**** DATASET ****

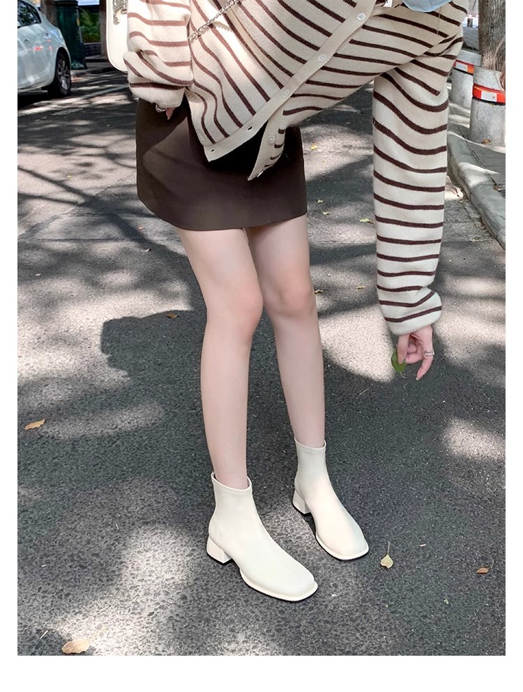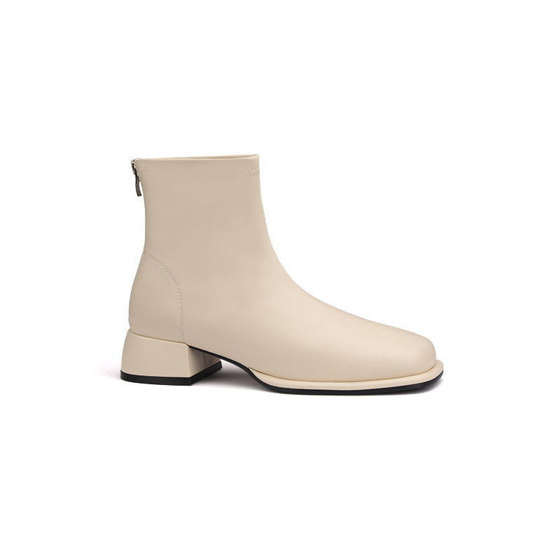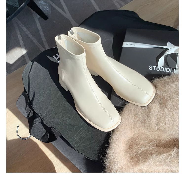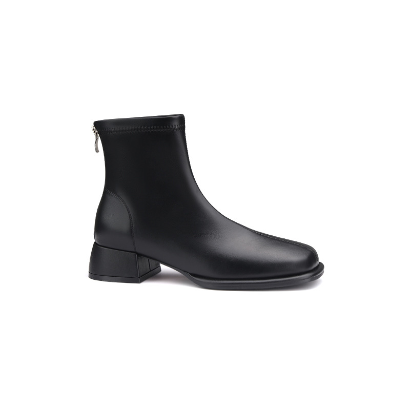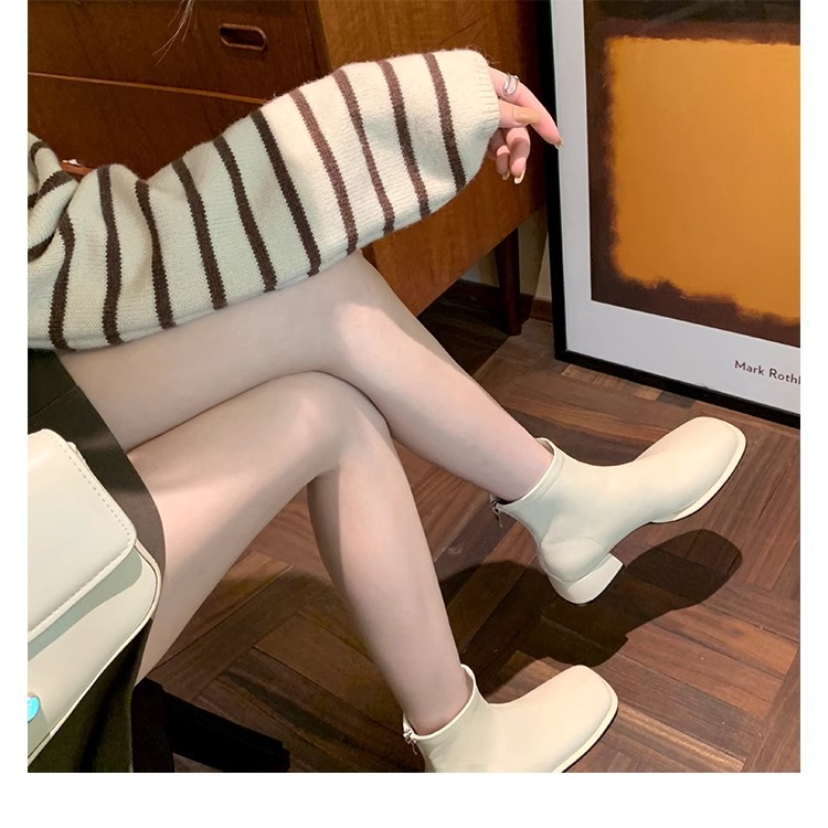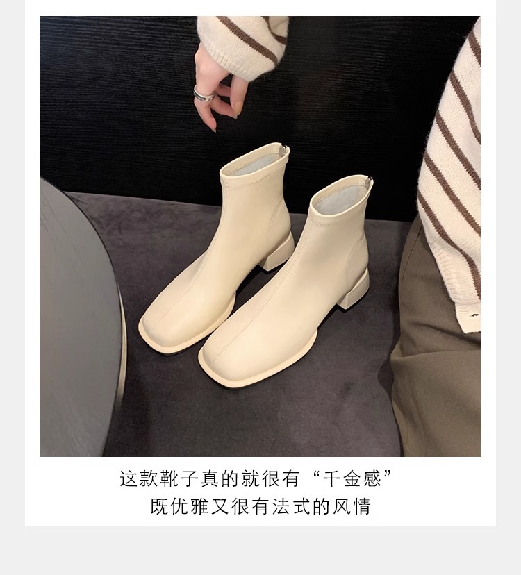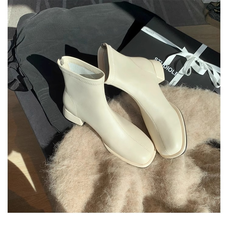 Cowhide Edition ~ 포도 엄마 같은 스타일 프렌치 스퀘어 헤드 두꺼운 힐 쇼트 부츠 여성용 리어 지퍼 얇은 부츠 가죽 마틴 부츠
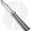 The Chuck Gedraitis #144 Balisong is a latchless butterfly knife with smooth action. Green G-10 handle with brushed satin titanium liners and bolsters. The two-tone finished clip point blade is CTS-XHP stainless steel with acid stonewashed grinds and satin flats. The #144 Balisong has excellent action and build quality!
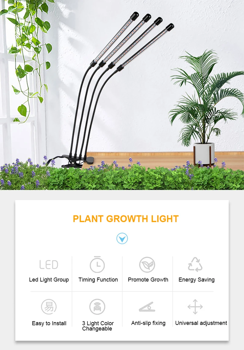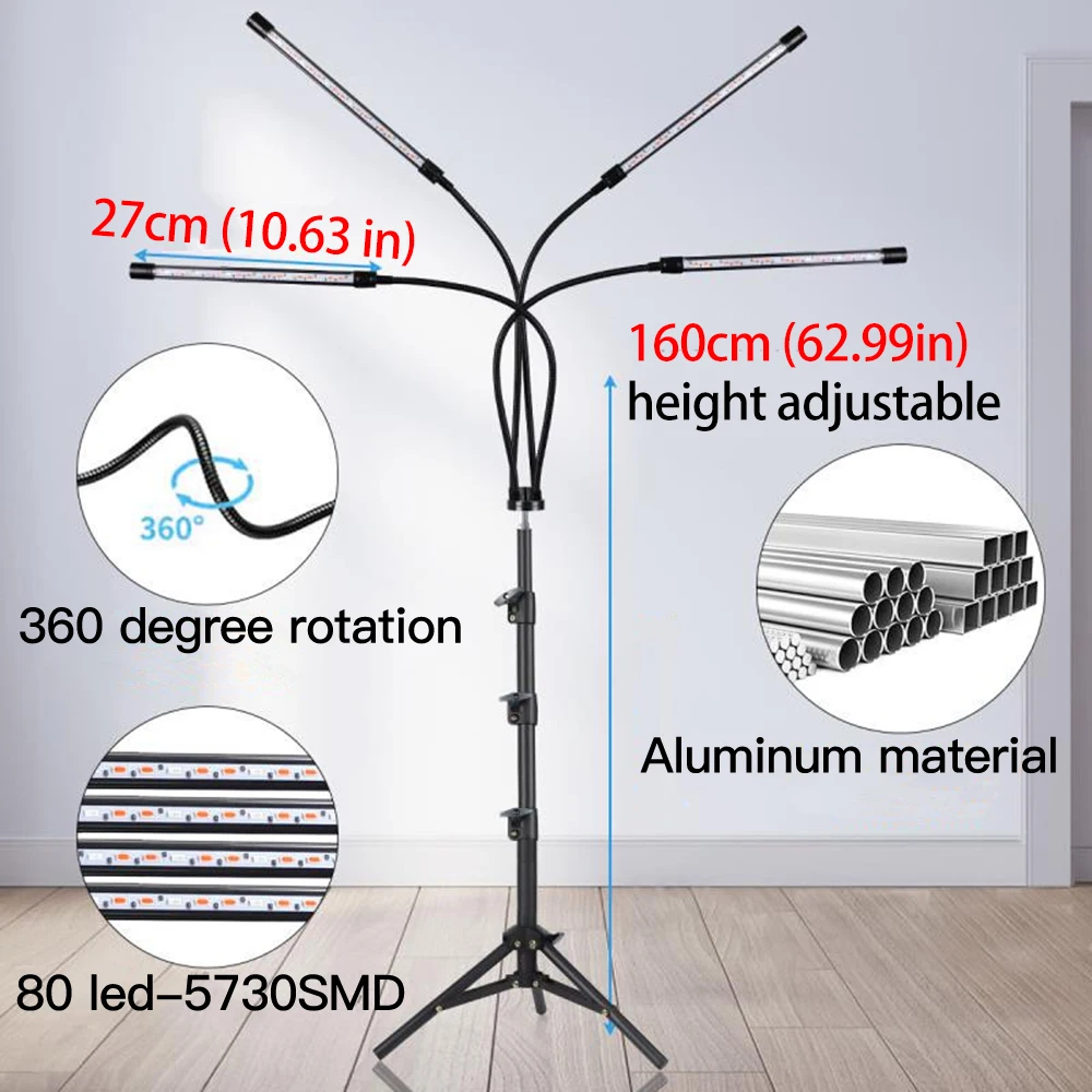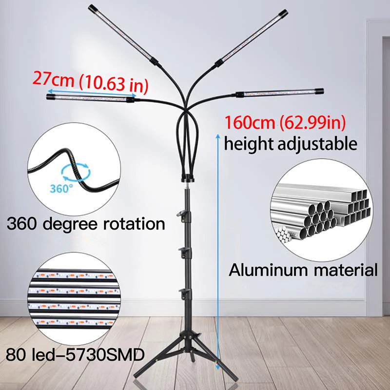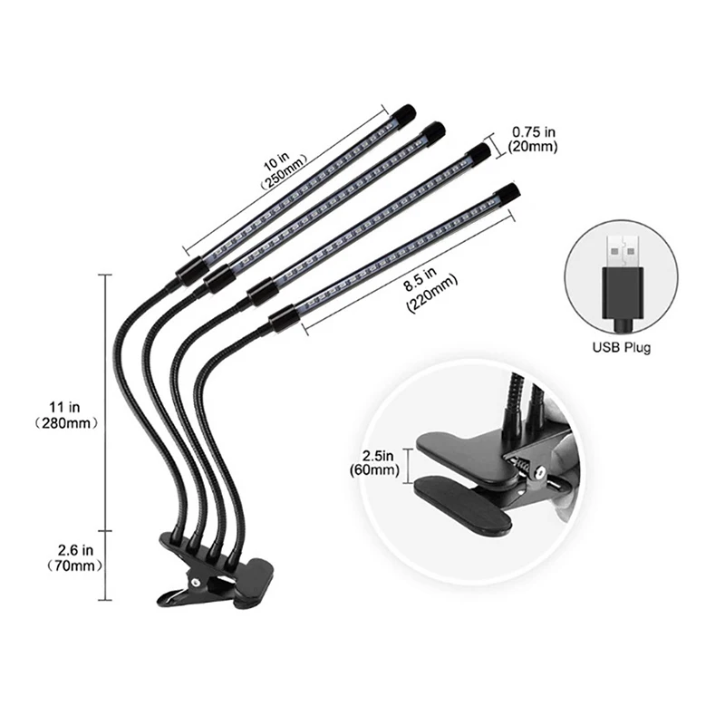 Вид продукции: 1 / 2 / 3 / 4 головки растут светильникНоминальная мощность: 10 / 20 Вт, 30 Вт, 40 ВтСветодиодный: 20 светодиодный/40 светодиодный/60 Светодиодный/80 светодиодныйДля 4 головок: 80 шт. (52Red & 28Blue)Материал: алюминий и ПВХРазъем: USBВходное напряжение: 5 ВВходной ток: 3AДлина волны: Красный: 645-655 нм/синий: 460-465нмРабочая температура:-20 ° ~ 40 °Срок службы: 50000 часовДиапазон освещения: 2-3 квадратных метраДостаточном расстоянии от лампы для растений: 0,98-3.98ft (30-120 см)Функция:Плавное затемнение + управление временем + 3 светильник изменяемый цветРазмер: как показано на изображении ниже
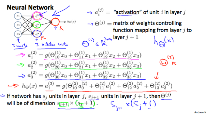 고로 theta는 3 X 4이고 (activation node 개수 X (x개수 + 1 ) )가 된다.
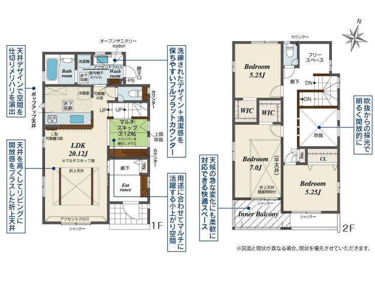 | 備考 | ■LDK広々20帖超、マルチスキップ付き ■マルチスキップ上部吹抜 ■オープンサニタリー ■カースペース2台分駐車可能(車種による) ※隅切り部分①0.49㎡②0.48㎡、各1/2持分有) |
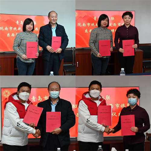 会上,青岛市侨联分别与陇南市委统战部和定西市侨联签订了《加强青·陇协作 开展对口支援协议书》《加强青·定协作 开展对口支援协议书》,青铁体育与陇南市委统战部、定西市侨联签订了《“足球援助·侨界助力”战略合作协议》,青岛机器人训练基地与陇南市委统战部、定西市侨联签订了《器材捐赠协议》,青岛市侨联、青岛青少年机器人基地向陇南市委统战部、定西市侨联捐赠了价值12万元的足球、训练服和40套价值7万元的人工智能编程机器人及课件。
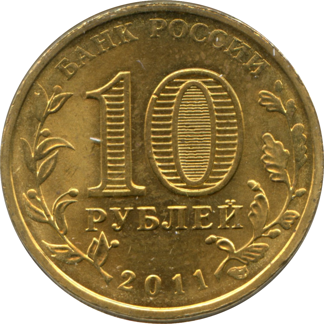 Описание: У центрі диска — позначення номіналу монети «10 РУБЛЕЙ» (10 РУБЛІВ). Усередині цифри «0» — приховані зображення цифри «10» та напису «РУБ» (RUB), які по черзі стають видимими при зміні кута зору. По краю монети розміщено кругові написи: зверху — «БАНК РОССИИ» (БАНК РОСІЇ), знизу — дата «2011», ліворуч — стилізоване зображення оливкової гілки, праворуч — дубової гілки.
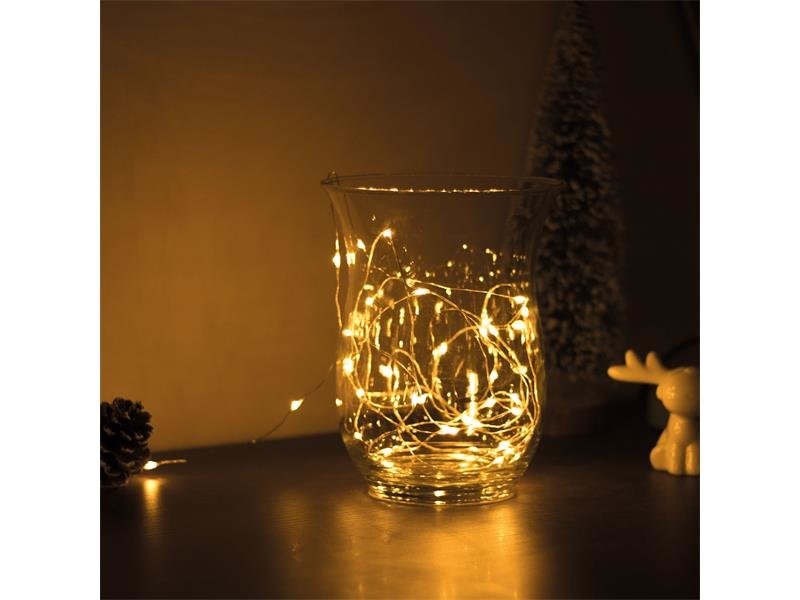 Oblečte váš byt do sváteční atmosféry s touto teplou bílou LED řetězem. Kabel je extra tenký, dobře ohýbatelný díky čemuž je téměř neviditelný. Můžete ji uložit na kterýkoliv bod vašeho domova, protože nepotřebujete zástrčku, baterie zajistí dlouhodobou, energicky úsporný provoz.
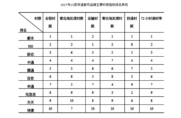 據(jù)了解,2017年快遞服務(wù)時(shí)限準(zhǔn)時(shí)率測(cè)試范圍覆蓋50個(gè)城市,包括全部省會(huì)城市、直轄市以及19個(gè)快遞業(yè)務(wù)量較大的重點(diǎn)城市。測(cè)試對(duì)象為2016年國內(nèi)快遞業(yè)務(wù)量排名靠前且服務(wù)水平較好的10家全網(wǎng)型快遞服務(wù)品牌,包括:郵政EMS、順豐速運(yùn)、圓通速遞、中通快遞、申通快遞、韻達(dá)快遞、百世快遞、天天快遞、宅急送快運(yùn)和快捷快遞。
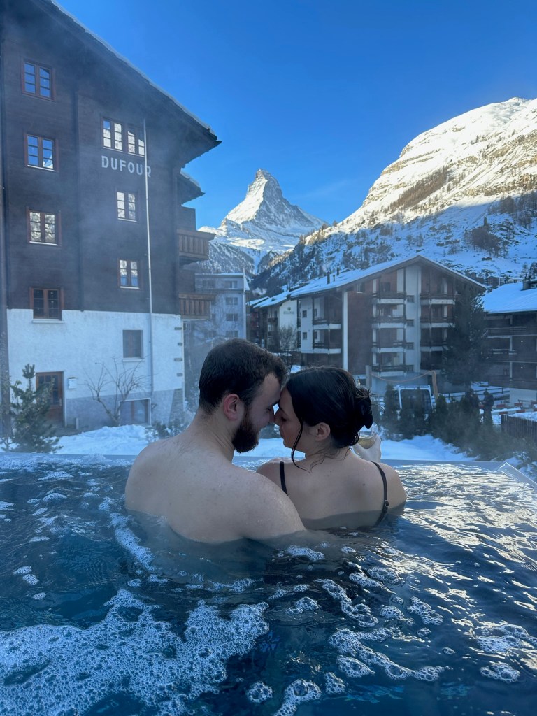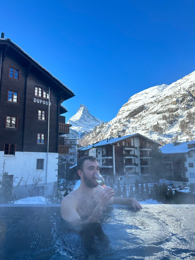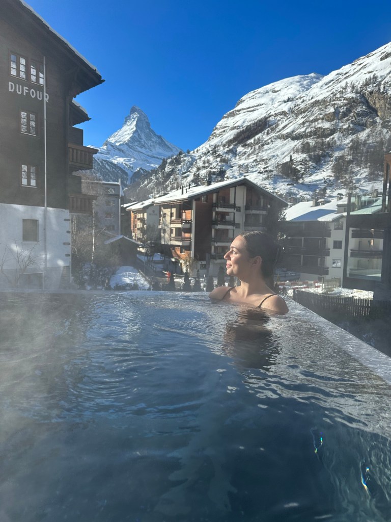I had a vision of myself sitting in a hot tub with a view of the Matterhorn, but really wasn’t sure how that would become reality. There were a few very expensive spas, but I only wanted to go for a couple hours, so they weren’t worth it. Then I came across Hotel Capricorn‘s PRIVATE Spa offer. I wasn’t sure if we were being scammed when I saw it online because the deal was so great. While we were there, it was nothing short of a dream.
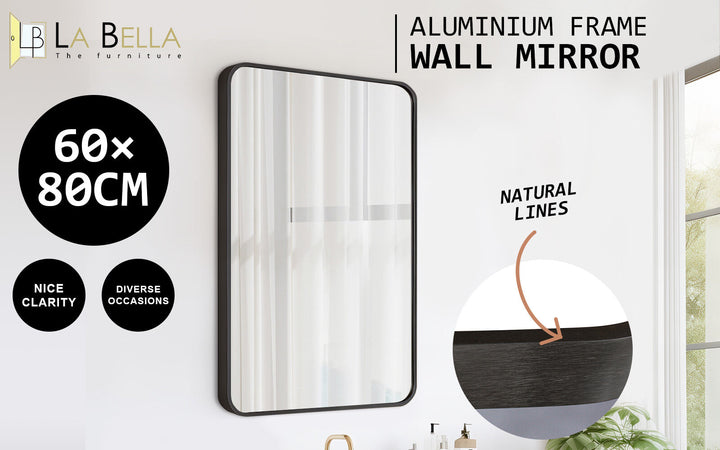 La Bella Wall Mirror Rectangular Aluminum Frame Makeup Decor Bathroom Vanity 60x80cm - Black
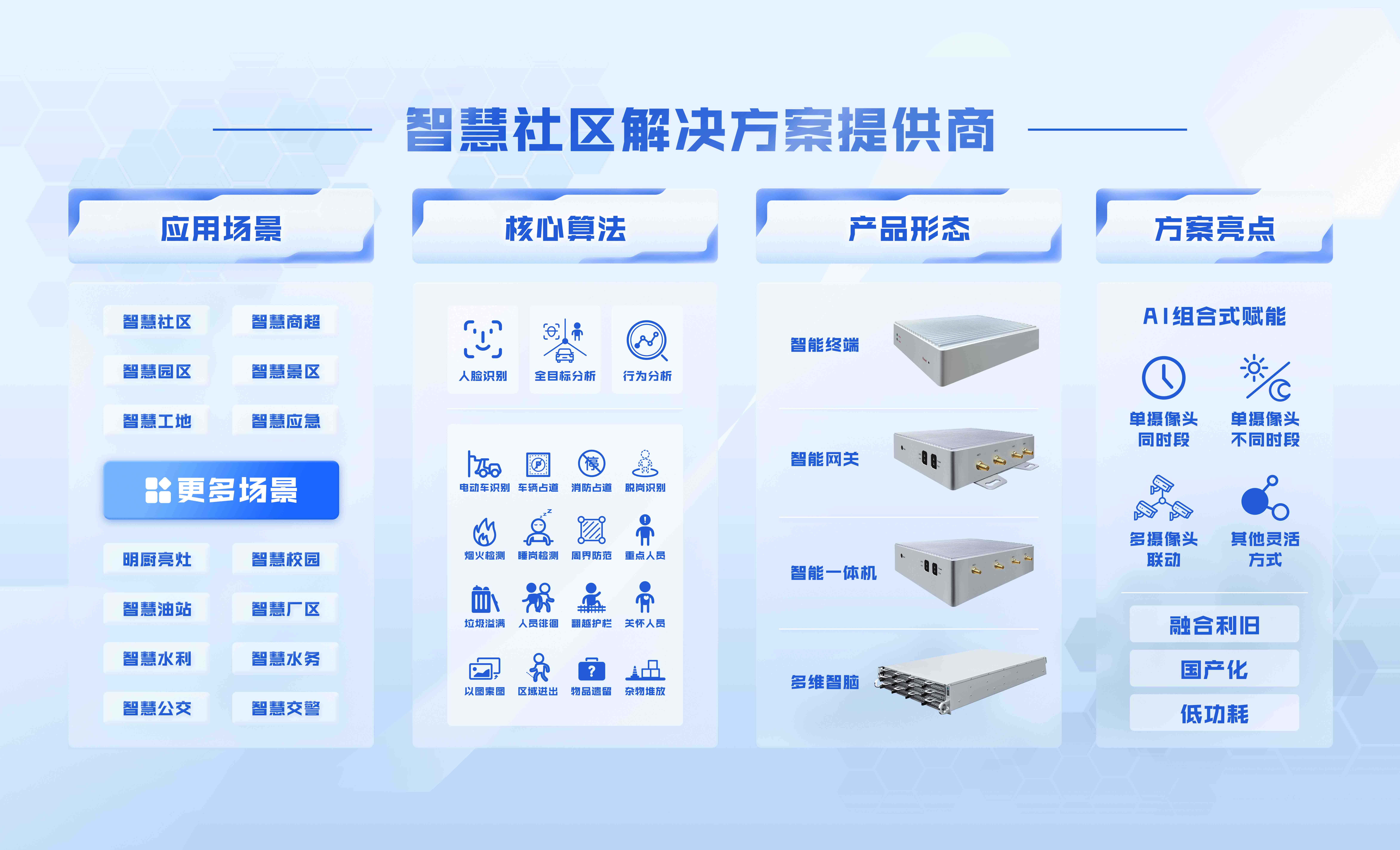 此次將動態(tài)演示多維智腦一體機(jī),將集智能視頻分析、視頻監(jiān)控存儲、業(yè)務(wù)系統(tǒng)應(yīng)用于一體的多維度應(yīng)用產(chǎn)品進(jìn)行演示,該產(chǎn)品能為不同行業(yè)用戶提供一體化的智能分析產(chǎn)品解決方案,滿足不同人群的使用場景需求。
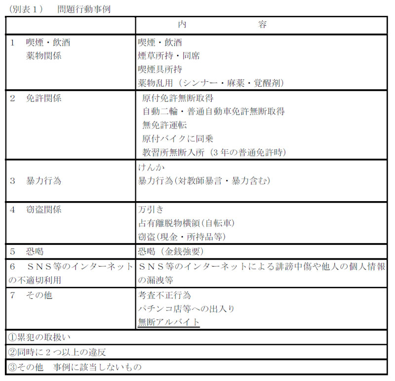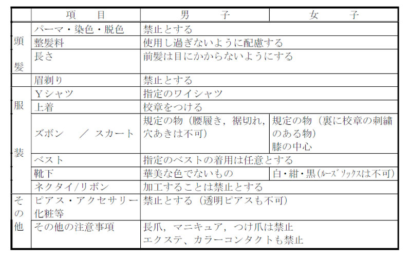 掲載内容:生徒指導等に関わる校内規程 制服・頭髪について 運転免許について アルバイトについて 懲戒処分及び特別指導

****

REQUIREMENT:
A verbatim transcription of the records, pictures excluded, is the required output.

WRITTEN REPLY:
 Cowhide Edition ~ 포도 엄마 같은 스타일 프렌치 스퀘어 헤드 두꺼운 힐 쇼트 부츠 여성용 리어 지퍼 얇은 부츠 가죽 마틴 부츠
 The Chuck Gedraitis #144 Balisong is a latchless butterfly knife with smooth action. Green G-10 handle with brushed satin titanium liners and bolsters. The two-tone finished clip point blade is CTS-XHP stainless steel with acid stonewashed grinds and satin flats. The #144 Balisong has excellent action and build quality!
 Вид продукции: 1 / 2 / 3 / 4 головки растут светильникНоминальная мощность: 10 / 20 Вт, 30 Вт, 40 ВтСветодиодный: 20 светодиодный/40 светодиодный/60 Светодиодный/80 светодиодныйДля 4 головок: 80 шт. (52Red & 28Blue)Материал: алюминий и ПВХРазъем: USBВходное напряжение: 5 ВВходной ток: 3AДлина волны: Красный: 645-655 нм/синий: 460-465нмРабочая температура:-20 ° ~ 40 °Срок службы: 50000 часовДиапазон освещения: 2-3 квадратных метраДостаточном расстоянии от лампы для растений: 0,98-3.98ft (30-120 см)Функция:Плавное затемнение + управление временем + 3 светильник изменяемый цветРазмер: как показано на изображении ниже
 고로 theta는 3 X 4이고 (activation node 개수 X (x개수 + 1 ) )가 된다.
 | 備考 | ■LDK広々20帖超、マルチスキップ付き ■マルチスキップ上部吹抜 ■オープンサニタリー ■カースペース2台分駐車可能(車種による) ※隅切り部分①0.49㎡②0.48㎡、各1/2持分有) |
 会上,青岛市侨联分别与陇南市委统战部和定西市侨联签订了《加强青·陇协作 开展对口支援协议书》《加强青·定协作 开展对口支援协议书》,青铁体育与陇南市委统战部、定西市侨联签订了《“足球援助·侨界助力”战略合作协议》,青岛机器人训练基地与陇南市委统战部、定西市侨联签订了《器材捐赠协议》,青岛市侨联、青岛青少年机器人基地向陇南市委统战部、定西市侨联捐赠了价值12万元的足球、训练服和40套价值7万元的人工智能编程机器人及课件。
 Описание: У центрі диска — позначення номіналу монети «10 РУБЛЕЙ» (10 РУБЛІВ). Усередині цифри «0» — приховані зображення цифри «10» та напису «РУБ» (RUB), які по черзі стають видимими при зміні кута зору. По краю монети розміщено кругові написи: зверху — «БАНК РОССИИ» (БАНК РОСІЇ), знизу — дата «2011», ліворуч — стилізоване зображення оливкової гілки, праворуч — дубової гілки.
 Oblečte váš byt do sváteční atmosféry s touto teplou bílou LED řetězem. Kabel je extra tenký, dobře ohýbatelný díky čemuž je téměř neviditelný. Můžete ji uložit na kterýkoliv bod vašeho domova, protože nepotřebujete zástrčku, baterie zajistí dlouhodobou, energicky úsporný provoz.
 據(jù)了解,2017年快遞服務(wù)時(shí)限準(zhǔn)時(shí)率測(cè)試范圍覆蓋50個(gè)城市,包括全部省會(huì)城市、直轄市以及19個(gè)快遞業(yè)務(wù)量較大的重點(diǎn)城市。測(cè)試對(duì)象為2016年國內(nèi)快遞業(yè)務(wù)量排名靠前且服務(wù)水平較好的10家全網(wǎng)型快遞服務(wù)品牌,包括:郵政EMS、順豐速運(yùn)、圓通速遞、中通快遞、申通快遞、韻達(dá)快遞、百世快遞、天天快遞、宅急送快運(yùn)和快捷快遞。
I had a vision of myself sitting in a hot tub with a view of the Matterhorn, but really wasn’t sure how that would become reality. There were a few very expensive spas, but I only wanted to go for a couple hours, so they weren’t worth it. Then I came across Hotel Capricorn‘s PRIVATE Spa offer. I wasn’t sure if we were being scammed when I saw it online because the deal was so great. While we were there, it was nothing short of a dream.
 La Bella Wall Mirror Rectangular Aluminum Frame Makeup Decor Bathroom Vanity 60x80cm - Black
 此次將動態(tài)演示多維智腦一體機(jī),將集智能視頻分析、視頻監(jiān)控存儲、業(yè)務(wù)系統(tǒng)應(yīng)用于一體的多維度應(yīng)用產(chǎn)品進(jìn)行演示,該產(chǎn)品能為不同行業(yè)用戶提供一體化的智能分析產(chǎn)品解決方案,滿足不同人群的使用場景需求。
 掲載内容:生徒指導等に関わる校内規程 制服・頭髪について 運転免許について アルバイトについて 懲戒処分及び特別指導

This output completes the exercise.